A carbon credit, also referred to as a carbon offset, is a tradable certificate that represents the reduction or removal of one metric ton of carbon dioxide (CO₂) or an equivalent amount of another greenhouse gas (GHG) from the atmosphere. It is a key component of market-based mechanisms designed to incentivize emission reductions.
Organizations can purchase carbon credits to offset their own emissions, supporting projects such as reforestation, renewable energy, and carbon capture. These credits are traded in both compliance and voluntary markets, allowing businesses to meet regulatory requirements or achieve sustainability goals while supporting global climate action.
The global carbon credit market size was valued at USD 418.78 billion in 2023 and is projected to grow from USD 537.78 billion in 2024 to USD 3,914.62 billion by 2031, exhibiting a CAGR of 32.79% during the forecast period.
The growth of the market is driven by stringent government regulations and climate policies that mandate emission reductions across industries. Additionally, increasing corporate sustainability commitments are fueling demand for carbon credits as companies strive to achieve net-zero targets.
The expansion of carbon trading platforms and innovative market mechanisms is further enhancing accessibility, facilitating seamless transactions, and attracting more participants.
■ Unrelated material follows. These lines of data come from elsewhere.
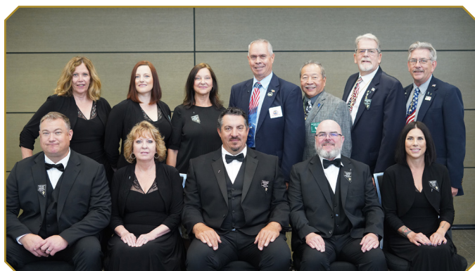
Third Place — Reno, NV No. 597 (94.9281)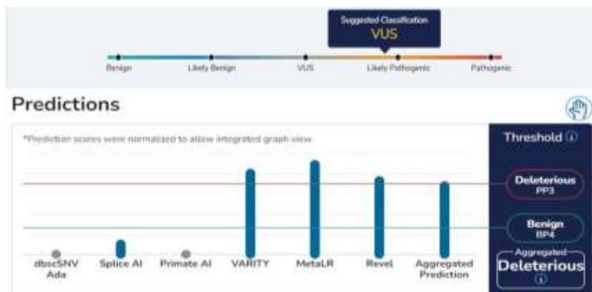
Fig. 3. Franklin database suggested the c.198A>C variant in exon 2 is likely pathogenic, as the VARITY, MetaLR, Revel scores, and aggregated prediction indicate that this variant is deleterious.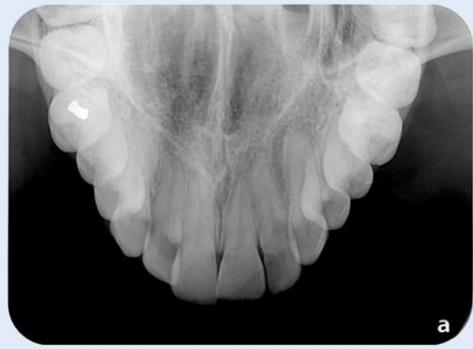
Occlusal - Size 4 PSP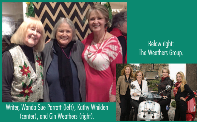
Below right: The Weathers Group.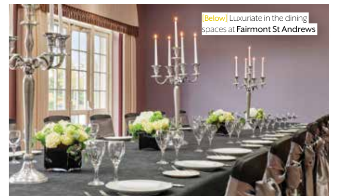
[Below] Luxuriate in the dining spaces at Fairmont St Andrews

Major companies operating in the carbon credit industry are South Pole, 3Degrees Inc., Finite Carbon, EKI Energy Services ltd., Native, Carbon Trade Exchange (CTX), Carbon Streaming Corporation, Brookfield Renewable Partners L.P., Gold Standard, ClimateCare, Climate Partner GmbH, Climetrek, natureOffice., Tasman Environmental., ClimateTrade, and others.
Governments worldwide are enforcing stricter carbon regulations to achieve climate goals, bolstering the growth of the market. Policies such as cap-and-trade systems, carbon taxes, and mandatory emission reduction targets are compelling industries to adopt cleaner technologies and purchase carbon credits to remain compliant.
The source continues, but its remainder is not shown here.